## Excerpted records:

---

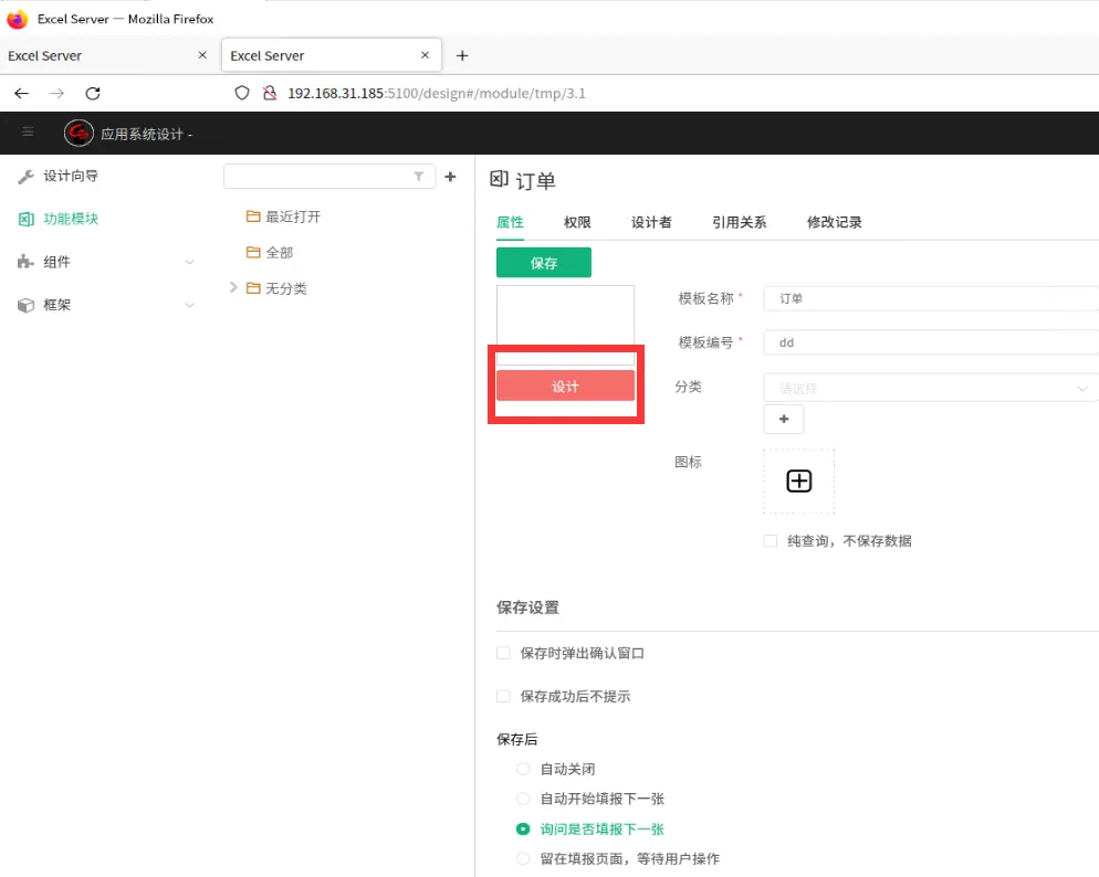 上图所示,如果是设计模版,点击上图所示的“设计”页签。点击新建模版,进行模版设计,接下来的操作跟Windows的模版设计界面类似,不再继续介绍。
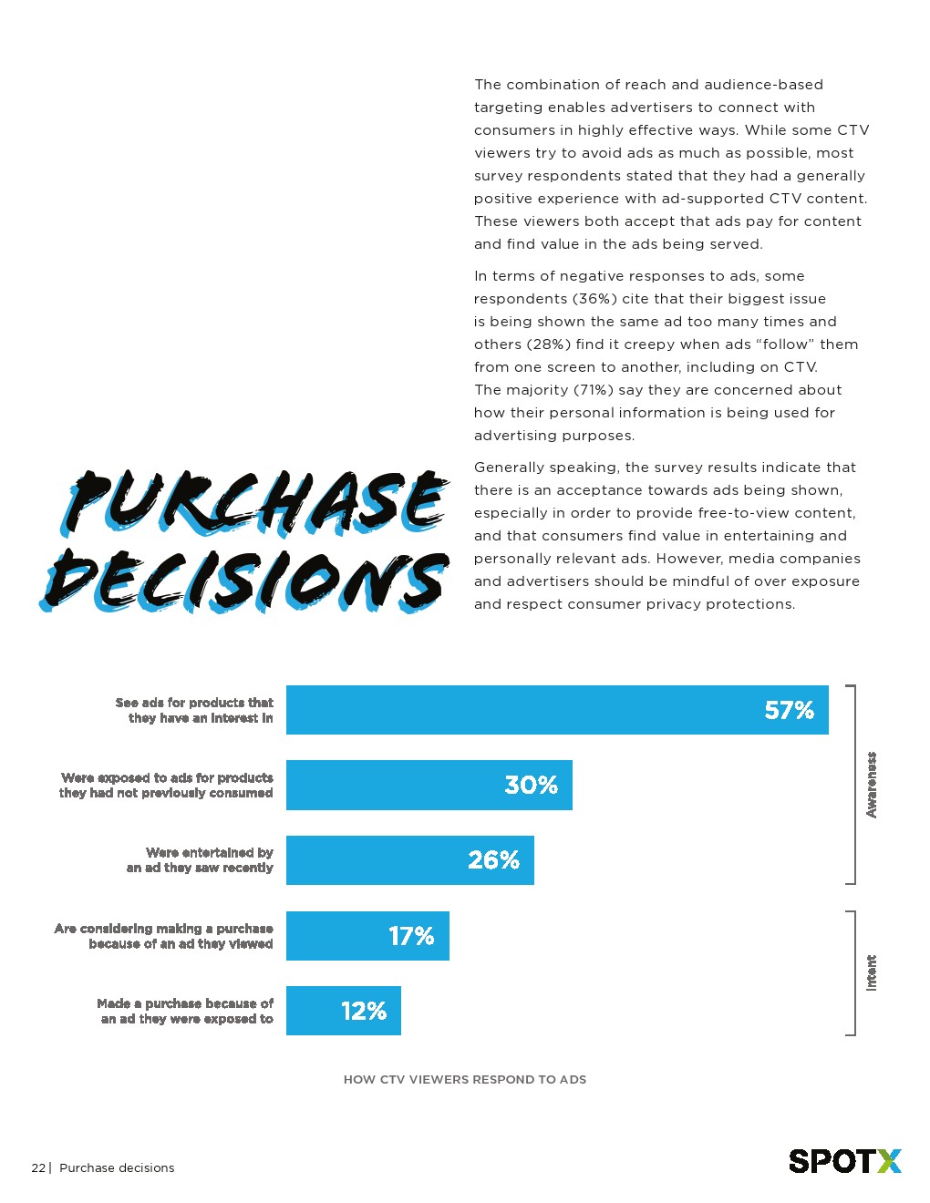 当谈到广告时,CTV观众的一个担忧是他们的隐私:71%的受访者表示,他们担心自己的个人信息被用于广告目的;28%的受访者认为这与广告从一个屏幕到另一个屏幕有关。
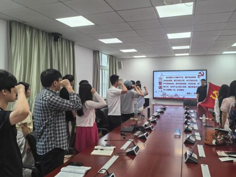 会议伊始,由韩晓婷同志带领全体党员重温入党誓词,全体党员现场缴纳9月份党费。
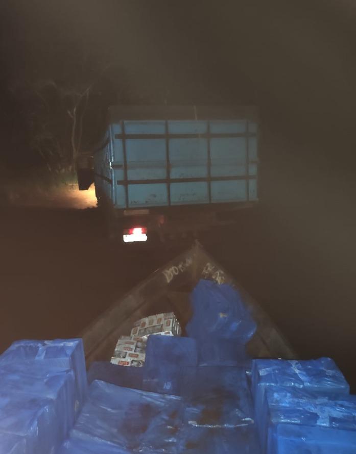 No local foram apreendidos um caminhão e uma embarcação de ferro, de grande porte, carregados num total aproximado de 100 caixas de cigarro paraguaios, representando um prejuízo de aproximadamente R $500.000,00 (quinhentos mil reais) aos criminosos da região.
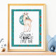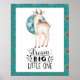 Graphisme de cerf aquarelle bébé et lune bleue avec citation de style typographique "Rêve Grand Petit Un" avec bordure bleue bohème fait un ajout adorable à n'importe quelle nurserie ou mur de chambre d'enfant.
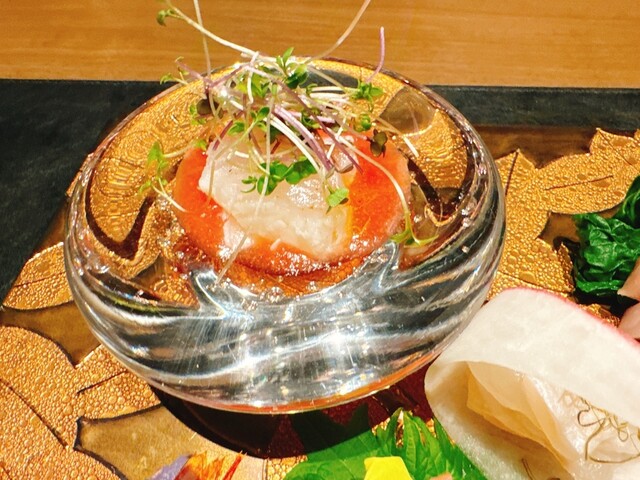 ・羽衣鮨(木更津サーモン、木の芽、天子卵)
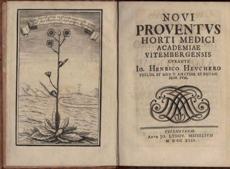 Novi Proventus Horti Medici Academiae Vitembergesnis curante Io. Henrico Heuchero. 1713. 1 plate. VI,90, VI p. 8vo. Leather.
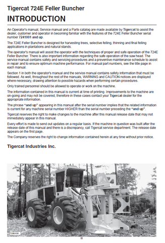 Get the most out of your Tigercat 724E Feller Buncher with this factory service manual. Covering models 7241001-7243100 and 7241001-7243000, this essential PDF download provides detailed instructions and illustrations for maintenance and repair of your equipment.
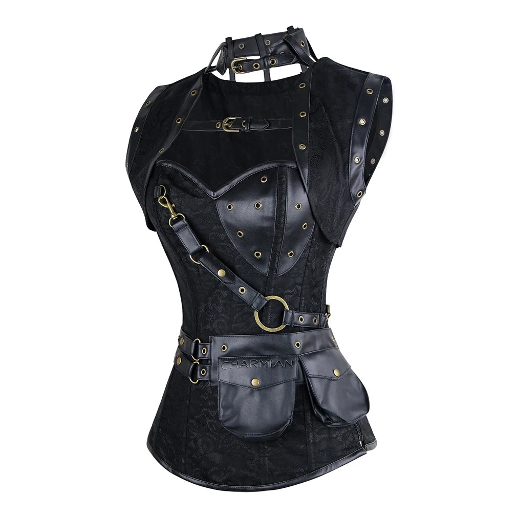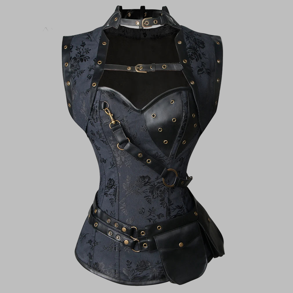 ゴシック・スチームパンク花柄レザー ベルト付きコルセット
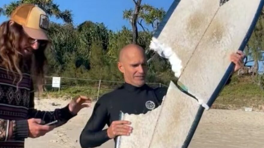 El incidente ocurrió en la mañana en la playa de Cabarita, ubicada a unos 35 kilómetros al norte de Byron Bay, en Nueva Gales del Sur. El surfista, cuya identidad no fue revelada, estaba en el agua cuando el tiburón atacó su tabla, dejando un gran trozo arrancado, afortunadamente no sufrió ninguna herida.
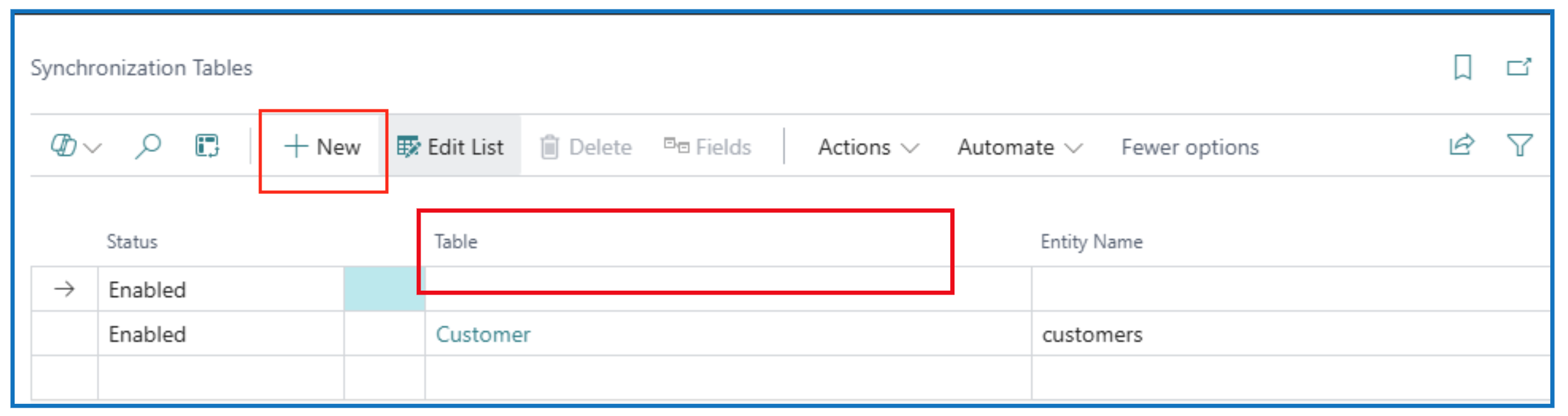 In the Synchronisation Tables page, select +New to add a new table for synchronisation:

---

From the first line of the entries above through the line with "会议伊始,由韩晓婷同志带领全体党员重温入党誓词,全体党员现场缴纳9月份党费。", set down each line exactly and drop the pictures.

## Written answer:
 上图所示,如果是设计模版,点击上图所示的“设计”页签。点击新建模版,进行模版设计,接下来的操作跟Windows的模版设计界面类似,不再继续介绍。
 当谈到广告时,CTV观众的一个担忧是他们的隐私:71%的受访者表示,他们担心自己的个人信息被用于广告目的;28%的受访者认为这与广告从一个屏幕到另一个屏幕有关。
 会议伊始,由韩晓婷同志带领全体党员重温入党誓词,全体党员现场缴纳9月份党费。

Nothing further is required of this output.